Can’t resist.
I took the list of deprecated elements and created a regex pattern: Array.from($0.querySelectorAll('dfn code')).map(e => e.innerText).join('|') which results in: "applet|acronym|bgsound|dir|noframes|isindex|keygen|listing|menuitem|nextid|noembed|plaintext|rb|rtc|strike|xmp|basefont|big|blink|center|font|multicol|nobr|spacer|tt|marquee".

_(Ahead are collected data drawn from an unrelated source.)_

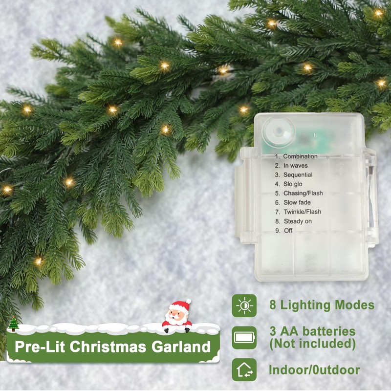 - Christmas Garland with Lights:6-foot Christmas garland decoration is made of dark green and lights strings, Christmas Garland with Lights: Outdoor garland LED light string contains 8 gears (1. Combination 2. Wave 3. Sequential 4. Slow light 5. Chasing/Flash 6. Slowly fade 7. Twinkle/Flash 8. Steady on 9. Off) No plug required, the LED light string is powered by 3 AA batteries (batteries not included).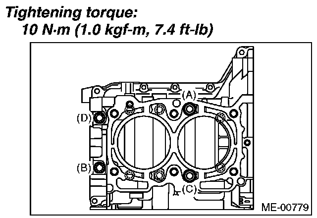 7) Tighten the LH side cylinder block connecting bolts (A - D) further in alphabetical order.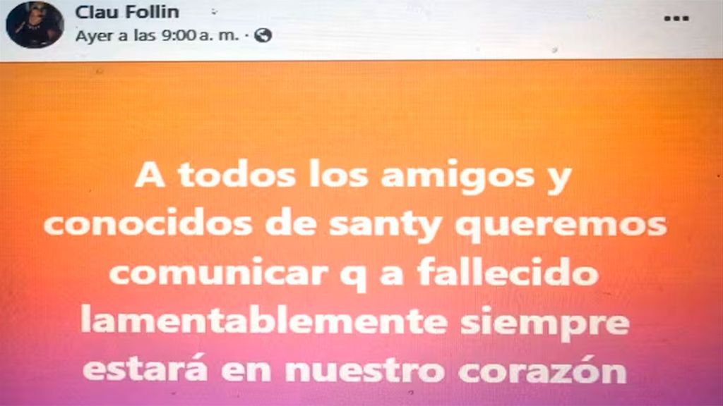 Claudia Follin, la madre de Santiago, contó en sus redes: “A todos los amigos y conocidos de Santy queremos comunicar que ha fallecido lamentablemente. Siempre estará en nuestro corazón”. Hace una semana había advertido que su estado era “complicado”, ya que tenía comprometido “el sistema respiratorio, la parte pélvica genital”. Estaba con asistencia respiratoria, en una cámara de oxígeno.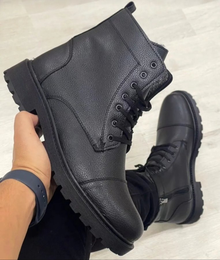 Siyah deri, bağcıklı erkek botları, sokak giyimine uygun. Koyu ve desensiz yapısıyla trend günlük tarzlar için uygun.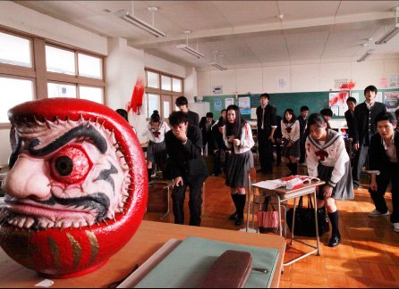 Les quelques survivants restants, médusés et apeurés, tiennent tête à une poupée Daruma qui se fait l’immense joie de faire exploser la tête à ceux qui perdent à sa partie d’« Un, deux, trois, soleil ».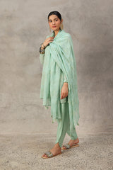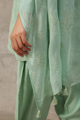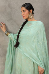 A floral embroidered dupatta adorned with intricate floral motifs, enhanced with tassel accents along the edges. A harmonious fusion of elegance and charm.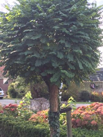 pseudoacacia kunnen zijn. Eind maart alle takken volledig terug snoeien, dan loopt 'ie weer uit tot de mooie bolvorm.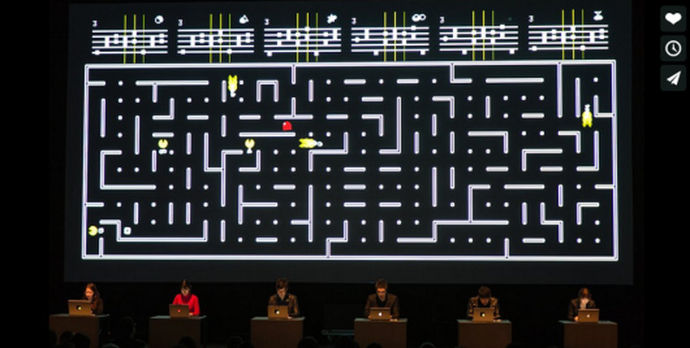 "Six Pacmen" is a performance piece from Tacit Group that fuses the arcade game Pac-Man with the 1973 musical composition "Six Pianos" by Steve Reich. In this twist on the Namco classic, the song "Six Pianos" is played one measure at a time. Players must move their Pac-Man character around a shared level with five other players, each working to collect an object in the maze. Once a set of objects has been collected, the song advances to the next measure of the song.

I’m matching elements if the tag name is preceded by a <. Not super robust but a good place to start.
#standardSQL
SELECT
LOWER(tag) AS tag,
COUNT(0) AS frequency,
COUNT(DISTINCT url) AS urls
FROM (
SELECT
url,
REGEXP_EXTRACT_ALL(body, '(?i)<(applet|acronym|bgsound|dir|noframes|isindex|keygen|listing|menuitem|nextid|noembed|plaintext|rb|rtc|strike|xmp|basefont|big|blink|center|font|multicol|nobr|spacer|tt|marquee)') AS tags
FROM
`httparchive.response_bodies.2018_07_01_desktop`),
UNNEST(tags) AS tag
GROUP BY
tag
ORDER BY
frequency DESC
WARNING: 2.5 TB!
| tag | frequency | urls |
|---|---|---|
| font | 5143594 | 223473 |
| center | 1070270 | 217903 |
| tt | 333876 | 41528 |
| nobr | 225042 | 30122 |
| big | 101907 | 18438 |
| strike | 98386 | 12867 |
| menuitem | 78198 | 9896 |
| xmp | 78162 | 62446 |
| plaintext | 65701 | 57276 |
| marquee | 49669 | 25423 |
| rb | 41385 | 4954 |
| dir | 32802 | 4690 |
| basefont | 27476 | 646 |
| acronym | 25012 | 2687 |
| applet | 12842 | 5128 |
| blink | 11097 | 4689 |
| noframes | 9850 | 4700 |
| spacer | 8141 | 688 |
| noembed | 7659 | 852 |
| bgsound | 5692 | 781 |
| listing | 2886 | 640 |
| rtc | 230 | 53 |
| nextid | 193 | 165 |
| keygen | 109 | 40 |
| isindex | 73 | 64 |
| multicol | 19 | 16 |
Anyone else want to look into the deprecated attributes?
Edit: @HenriHelvetica pointed out that the original query didn’t include marquee. I’ve rerun the query and updated the table.